As a result of this provision, the Registrant and its stockholders may be
unable to obtain monetary damages from a director for breach of his or her duty
of care. The Registrant's By-Laws provide for the indemnification of directors
and officers of the Registrant to the fullest extent authorized by the Delaware
General Corporation Law, except that the Registrant will indemnify a director or
officer in connection with an action initiated by that person only if the action
was authorized by the Registrant's board of directors. The indemnification
provided under the Registrant's certificate of incorporation and bylaws includes
the right to be paid expenses in advance of any proceeding for which
indemnification may be had. The Registrant may pay these expenses in advance of
the final disposition of a proceeding only if the director or officer agrees to
repay these amounts if it is ultimately determined that the director or officer
is not entitled to be indemnified.
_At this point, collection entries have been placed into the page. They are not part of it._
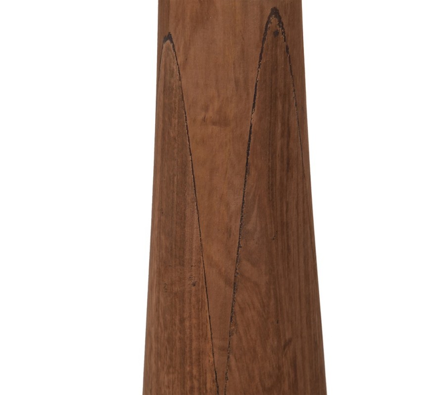 Stojaca lampa Amber má elegantný a prírodný dizajn vo vidieckom štýle. Nohu lampy tvorí jemne vyrezávané mangové drevo s hladkým povrchom, ktorý zvýrazňuje jeho prirodzenú štruktúru a drevené zrno. Farba nohy má teplý hnedý odtieň s matným povrchom, pričom spodná časť lampy je širšia a zaoblená, čím poskytuje stabilitu a estetický základ.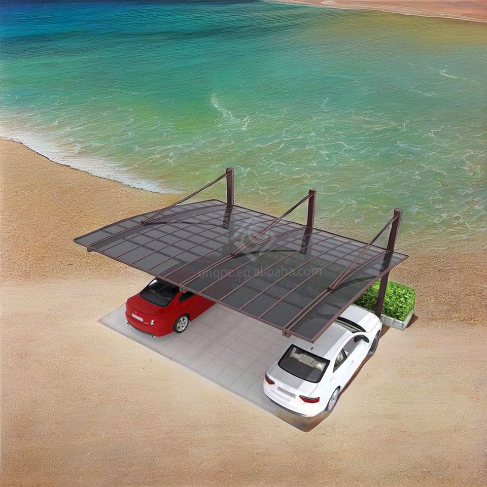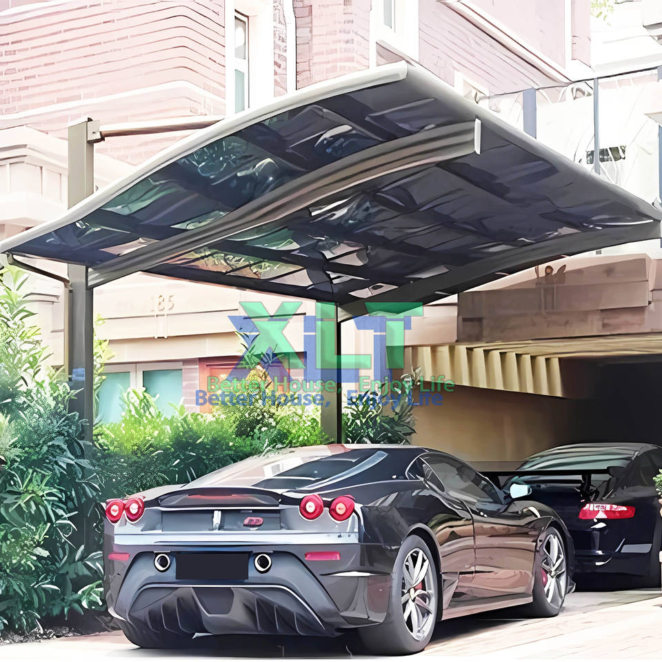 Système de garages en porte-à-faux avec poteaux, poutres de support et auvent en métal pour toit arqué pour le stationnement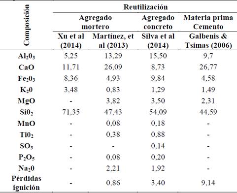 Como se indicó en la sección anterior, son pocos los investigadores que han reportado la caracterización de los residuos, como un criterio fundamental para decidir si un residuo tiene potencial aplicación. Debe considerarse que la reutilización de un residuo de demolición y construcción depende, por su puesto, de sus características y del efecto que estas pueden tener sobre las condiciones finales de un producto. Muchos autores presentan criterios asociados al tamaño que según el país y el tipo de aplicación debe cumplir una norma (en Colombia en el caso de los agregados para concretos y morteros la distribución de tamaño de partícula debe ajustarse a NTC 174 y en pavimentos a INV E- 213 y INV E- 214 y de absorción de agua. Respecto de la caracterización mineralógica, de la revisión bibliográfica, lograron extraerse algunos datos sobre la química de los minerales que los hacen susceptibles a ser usados. Para la reutilización como agregados se requieren altos contenidos de sílice y calcio (>20% y >10% respectivamente) y para reutilización como remplazo de cementantes o puzolanas elevados contenidos de CaO (>18%) y alúmina, como puede revisarse en las Tablas 3 y 4.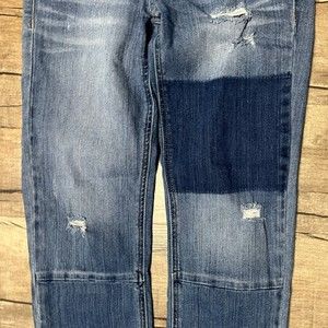 Unionbay Denim Jeans Distressed PatchWork Straight Mid Rise Ankle Pants Size 1

If the Registrant does not pay a claim for
indemnification within 60 days, the claimant may bring an action to recover the
unpaid amount of the claim and, if successful, the director or officer will be
entitled to be paid the expense of prosecuting the action to recover these
unpaid amounts.
Under its By-Laws, the Registrant has the power to purchase and maintain
insurance on behalf of any person who is or was one of directors, officers,
employees or agents of the Registrant, or is or was serving at the Registrant's
request for another entity, against any liability asserted against the person or
incurred by the person in any of these capacities, and related expenses, whether
or not the Registrant would have the power to indemnify the person against the
claim under the provisions of the Delaware General Corporation Law.
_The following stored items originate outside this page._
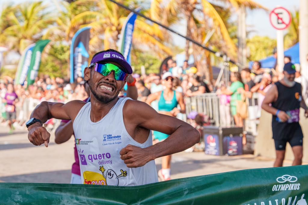 O atleta profissional João Marcos Santos, 29 anos, subiu no lugar mais alto do pódio durante a Maratona de Aracaju, realizada neste domingo, dia 26, na capital sergipana. O vencedor concluiu o percurso de 42 km com o tempo de 2h 30min e 07 seg. “Eu disse que iria ganhar a prova e isso aconteceu graças a muito treino e o apoio da família”, festejou o atleta de São Cristóvão.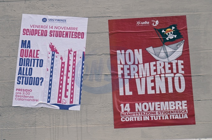 A student strike, promoted by Fridays for Future and the Student Union, involves all Italian schools, their staff, and their students. From Milan to Turin and from Rome to Naples, young people are taking to the streets to demand "a new education, with the Valditara school and Bernini University, for a free Palestine, for a new world." The protest also calls for changes to address the climate emergency. Florence, Italy 14 November 2025, Credit:Aleandro Biagianti / Avalon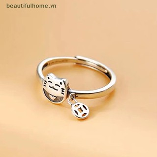 Nhẫn Bạc S925 Hình Mèo May Mắn Có Thể Điều Chỉnh Màu Sắc Dành Cho Nam Và Nữ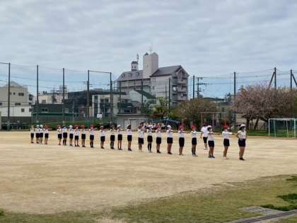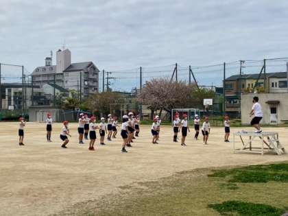外は暖かく半袖でも過ごせるくらいです。ラジオ体操や整列の仕方を学習しました。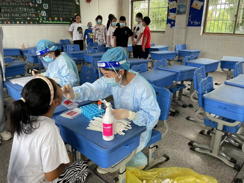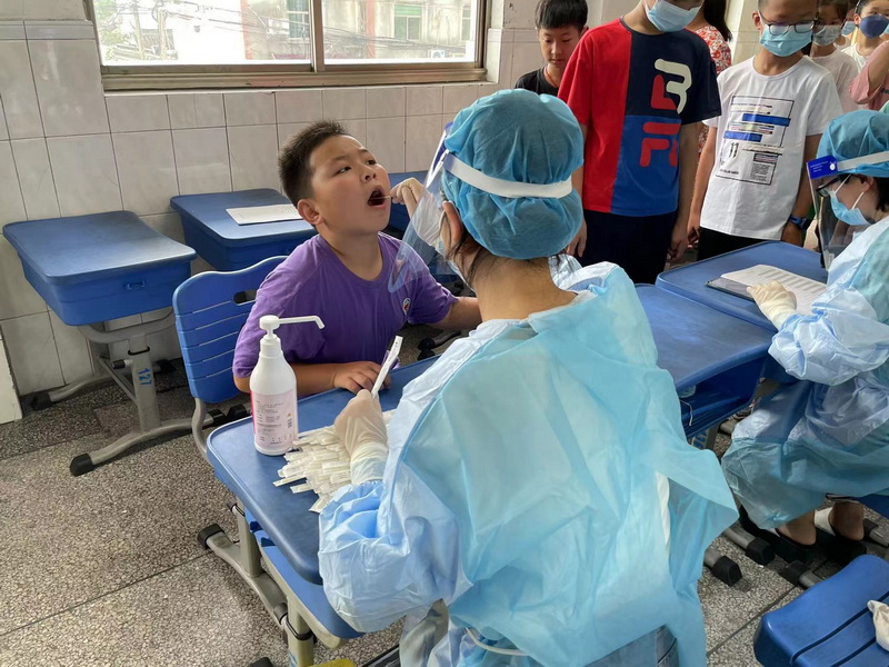 7月6日上午八点,震泽镇第二中心假日学校核酸检测准时开始。两位志愿者按标准穿戴好防护服,冒着酷暑按标准流程给五年级的全体学生进行了核酸检测。

Item 7. Exemption from Registration Claimed.
Not applicable.
Item 8. Exhibits.
EXHIBIT
NUMBER DESCRIPTION
------- -----------
4.1 Restated Certificate of Incorporation (Fifth) of the Registrant
(filed as Exhibit 3.1 of the Registrant's Annual Report on Form
10-K for the fiscal year ended December 31, 1993, and
incorporated herein by reference)
4.2 Certificate of Amendment of the Certificate of Incorporation
(filed as Exhibit 3.3 to the Registrant's Annual Report on Form
10-K for the fiscal year ended December 31, 1997, and
incorporated herein by reference
4.3 Amendment to Certificate of Incorporation (filed on December 16,
1999 as Exhibit 3.1 to the Registrant's Current Report on Form
8-K, and incorporated herein by reference)
<PAGE>
4.4 By-Laws of the Registrant (filed as Exhibit 3.2 to the
Registrant's Annual Report on Form 10-K for the fiscal year ended
December 31, 1993, and incorporated herein by reference)
4.5 Rights Agreement between the Registrant and American Stock
Transfer & Trust Company, as Rights Agent, dated as of May 20,
1998 (filed as Exhibit 4 of the Registrant's Current Report on
Form 8-K filed on May 28, 1998, and incorporated herein by
reference).
4.6 Indenture dated as of June 25, 1999 between the Registrant and
The Bank of New York, as trustee, including the form of 5-1/2%
Convertible Subordinated Notes due 2006 (filed as Exhibit 4.1 to
the Registrant's Form 8-K filed June 28, 1999)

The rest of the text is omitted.